Replying to @burcin:

You need to define _maxima_init_evaled_(). See line 895 of sage/fuctions/other.py:

http://hg.sagemath.org/sage-main/file/c239be1054e0/sage/functions/other.py#l895

It seems that adding _maxima_init_evaled_() solves one issue, converting to Maxima with _maxima_(),

sage: lambert_w(x)._maxima_()
lambert_w(x)
sage: lambert_w(1,x)._maxima_()
...
NotImplementedError: Non-principal branch lambert_w[1](x) is not implemented in Maxima

but integration still doesn't work (same error is raised as before).

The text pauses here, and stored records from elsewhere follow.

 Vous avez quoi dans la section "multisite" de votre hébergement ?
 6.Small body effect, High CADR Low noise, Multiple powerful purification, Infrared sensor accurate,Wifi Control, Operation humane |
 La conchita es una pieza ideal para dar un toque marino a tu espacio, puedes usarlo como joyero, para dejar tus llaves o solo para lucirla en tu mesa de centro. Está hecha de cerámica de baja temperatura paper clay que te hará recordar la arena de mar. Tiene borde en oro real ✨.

Looking closer it seems that the issue is here:

sage: z = lambert_w(x)
sage: z.operands()
[0, x]
sage: z.operator()
lambert_w

because when sr_to_max is called in the integration code, I get:

sage: from sage.interfaces.maxima_lib import sr_to_max
sage: sr_to_max(lambert_w(x))
<ECL: ((%LAMBERT_W) 0 $X)>
sage: sr_to_max(lambert_w(1, x))
<ECL: ((%LAMBERT_W) 1 $X)>

and Maxima barfs because it doesn't know what to do with ((%LAMBERT_W) 0 $X).